Moneyboxx Finance Limited, having its registered office at New Delhi. The Company is registered with the RBI as a NBFC. The company operates in the unsecured business loan segment, and had assets under management (AUM) of INR530cr (as on 31st dec2023), With 97 branches with 1165 employees, spread across 8 states (RJ, MP, HR,UP,GUJ.BR .CG & PUN) at Dec 2024, located in Tier-2 and below towns, the company caters to micro entrepreneurs operating in essential segments (livestock, kirana, retail traders, micro-manufacturers).

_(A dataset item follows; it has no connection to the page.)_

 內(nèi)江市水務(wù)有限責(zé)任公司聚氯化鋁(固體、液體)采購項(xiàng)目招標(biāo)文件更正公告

The unsecured book (81% of AUM) have an avg ticket size of INR1,40,000 with a tenor of 1 to 3 yrs and the secured book (19% of AUM) have an avg ticket size of INR3,50,000 with a tenor of 4 to 7 yrs

MANAGEMENT

Founder – Mayur Modi, Co Founder – Deepak aggerwal

Linkden profile - https://www.linkedin.com/in/deepak-aggarwal-0511043/ (Deepak)

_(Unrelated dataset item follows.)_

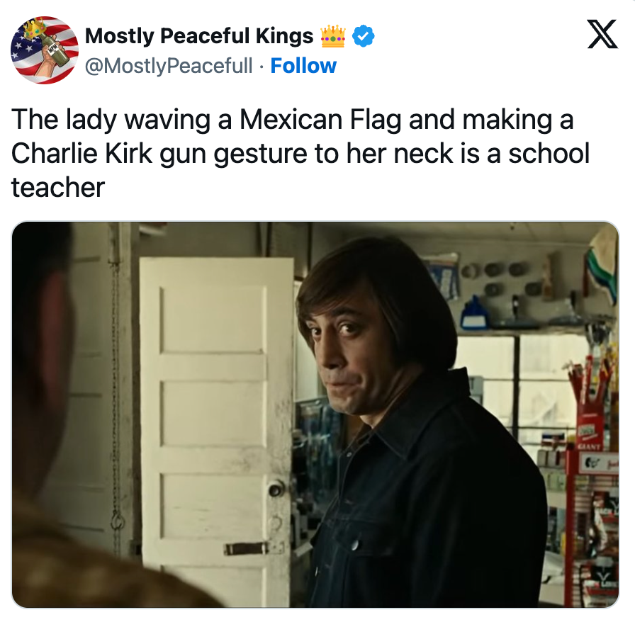 In Chicago, a woman with a Mexican flag mocked Charlie Kirk’s as

MAYUR MODI - MONEYBOXX FINANCE LIMITED | LinkedIn (Mayur)

CHIEF RISK OFFICER

Linkden profile - https://www.linkedin.com/in/vikas-b-7ab78b7/

CREDIT UNDERWRITING

They lend to the essential segment with avg ticket size of 1.25 to 1.5 lakh. Their segment wise AUM in different geography is as follows

Some key points

1.During FY20 to FY22 which was supposed to be the worst period because of covid and on top of this the Lumpy Skin disease (A lumpy viral skin disease which effects the cattle) they still managed to have a 2-3% credit cost at 30% yield. On a static pool FY20 delinquency was 3% and 2.4% in 2021.

2.They have a proprietary system in which they enter 200-250 points and create the entire balance sheet, P&L statement, whole income statement and cash flow analysis of the borrower. They do this even for a ticket size of 70000.

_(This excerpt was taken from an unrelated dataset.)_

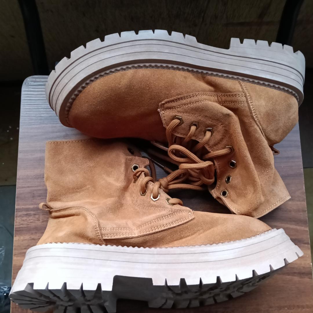 新品 24cm レディース ブーツ ブラウン 厚底 シューズ サイドゴア

3.They only lend to customers with self-occupied residential property, they don’t lend to migrants, so this helps them know their relatives, neighbours also this tell they are living in the country since birth (permanent establishment)

4.They don’t lend to single income, 99% of their customers have agriculture as a second income, they look for at least double to triple source of income. In livestock it has to be minimum 5+ cattle with the borrower.

If you think of this point, cattle business can be done from your home, so this is generally done by the women and this is like a second or their income to the family.

5 They have a central credit team in gurgaon where all the loan approval takes place, even a 70k loan, so each branch does not have the authority to approve a loan

6.They always try to get the women as a borrower and create a joint liability when lending, 55% of their borrowers are women and 34% are new to credit. They help their borrowers double their income in 3yrs.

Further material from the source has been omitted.